Repeat the listing exactly, minus the pictures.

INFORMATION PROVIDED »
★ ★ ★ ★ ★

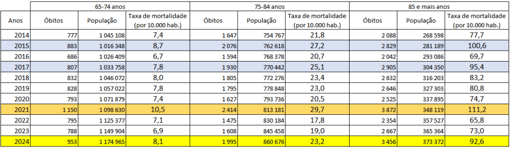 Quanto ao grupo dos 65 aos 74 anos, a situação do presente ano é quase semelhante ao da faixa etária subsequente, excepção para 2018 onde a taxa de mortalidade é ligeiramente inferior (8,1 vs. 8,0). Assim, o número de óbitos na primeira quinzena de 2024 para esta faixa etária (953) não é pior, do ponto de vista de Saúde Pública, do que, por exemplo, as 883 mortes neste grupo em 2015, por uma razão relevante: há agora mais quase 160 mil pessoas neste grupo etário.
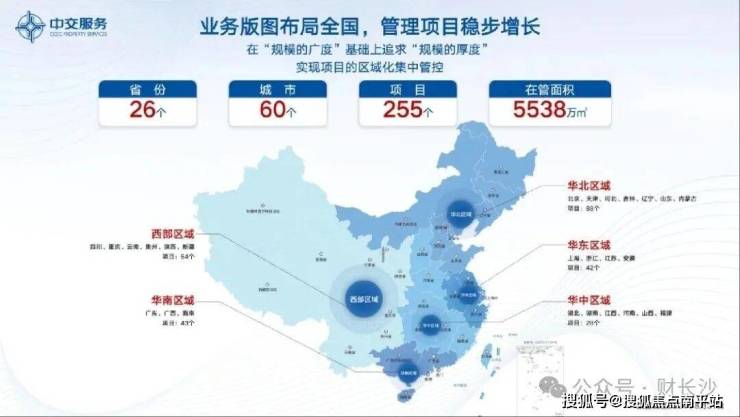 ◆业务布局全国: 34载深耕不辍,业务版图覆盖全国26省60城,服务约255个精品项目,专业在管面积约5538万㎡。
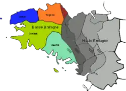 A Bretanha como entidade política desapareceu em 1790, quando foi dividida em cinco departamentos. Os départements (departamentos) bretões correspondem mais ou menos às nove dioceses católicas que surgiram no início da Idade Média. Eles eram frequentemente chamados de "pays" ou "bro" ("país" em francês e bretão, respectivamente) e também serviam como distritos fiscais e militares.[37] A Bretanha também é dividida entre a Baixa Bretanha ("Basse Bretagne" e "Breizh Izel"), que corresponde à metade ocidental, onde o bretão é tradicionalmente falado, e a Alta Bretanha ("Haute Bretagne" e "Breizh Uhel"), que corresponde à metade oriental, onde o galo é tradicionalmente falado. As dioceses bretãs históricas foram:

★ ★ ★ ★ ★

REPLY »
 Quanto ao grupo dos 65 aos 74 anos, a situação do presente ano é quase semelhante ao da faixa etária subsequente, excepção para 2018 onde a taxa de mortalidade é ligeiramente inferior (8,1 vs. 8,0). Assim, o número de óbitos na primeira quinzena de 2024 para esta faixa etária (953) não é pior, do ponto de vista de Saúde Pública, do que, por exemplo, as 883 mortes neste grupo em 2015, por uma razão relevante: há agora mais quase 160 mil pessoas neste grupo etário.
 ◆业务布局全国: 34载深耕不辍,业务版图覆盖全国26省60城,服务约255个精品项目,专业在管面积约5538万㎡。
 A Bretanha como entidade política desapareceu em 1790, quando foi dividida em cinco departamentos. Os départements (departamentos) bretões correspondem mais ou menos às nove dioceses católicas que surgiram no início da Idade Média. Eles eram frequentemente chamados de "pays" ou "bro" ("país" em francês e bretão, respectivamente) e também serviam como distritos fiscais e militares.[37] A Bretanha também é dividida entre a Baixa Bretanha ("Basse Bretagne" e "Breizh Izel"), que corresponde à metade ocidental, onde o bretão é tradicionalmente falado, e a Alta Bretanha ("Haute Bretagne" e "Breizh Uhel"), que corresponde à metade oriental, onde o galo é tradicionalmente falado. As dioceses bretãs históricas foram:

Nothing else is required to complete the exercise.